DC Comics
Blue Beetle #1
By Avi Weinryb
October 2, 2016 - 19:39

DC Comics
Writer(s): Keith Giffen, Scott Kolins
Penciller(s): Scott Kolins
Inker(s): Scott Kolins
Colourist(s): Romulo Fajaroo Jr.
Letterer(s): Josh Reed
Cover Artist(s): Scott Kolins

After a solid introduction in a Rebirth relaunch, Blue Beetle is now back in his own series. There are two Blue Beetles co-existing here -- the original, former Justice League member Ted Kord, and the young Jaime Reyes, a high school student with a mystical scarab attached to his back. Kord has taken Jaime under his wing, serving less as a mentor and more as a knowledgeable handler, sending him into harm’s way and occasionally providing him with some good advice. The banter between the two of them is somewhat humorous. It definitely beats the dialogue between Jaime and his high school buddies, which makes the reader painfully aware it’s being written by someone who has been out of high school for the better part of half a century. Overall, the story takes us where we need to go, setting up some mystery, introducing a diverse cast of characters, and locking us into the dysfunctional but amusing relationship between a gifted teen and a multi-millionaire inventor.

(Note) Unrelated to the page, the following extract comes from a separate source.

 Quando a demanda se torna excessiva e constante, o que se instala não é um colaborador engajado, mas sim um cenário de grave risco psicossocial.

Scott Kolins’ artwork serves the story well. The mundane settings of home and school appear relatively flat compared to the popping scenes of action, including a bizarre battle inside a puddle of darkness as well as a trippy opening dream sequence featuring none other than Dr. Fate himself. Romulo Fajaroo Jr. should be commended for his clever use of blue which appears to crop up all over the place. It’s very fitting considering the title of this book.

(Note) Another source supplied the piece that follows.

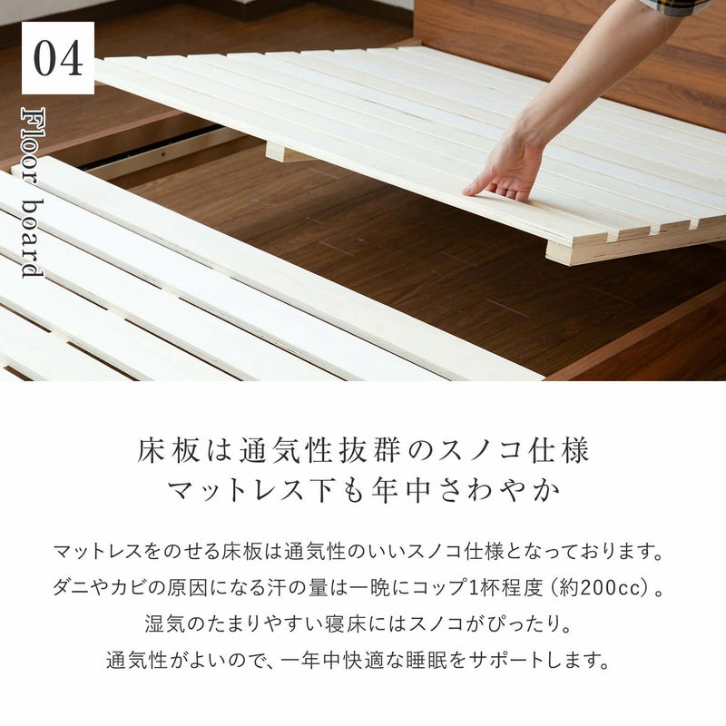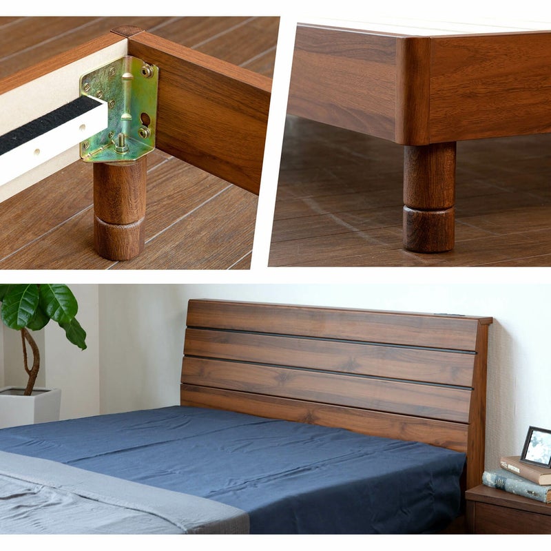 どんなお部屋にも馴染む、三枚板デザインのベッドフレームです。ヘッドボード上部には、小物置きのスペースがあり、2口コンセントが付いています。表面は塩ビ素材ですので、キズや汚れに強いのもポイントです。

If you are looking to read a new series that doesn’t come with the same baggage as some other titles in the DC Comics line, check this series out. The struggle of being a normal kid while having magical superpowers is something we’ve seen before, but the addition of a superhero mentor, a mysterious legacy, and a growing role for one of DC’s great mages makes this an intriguing start to a new series.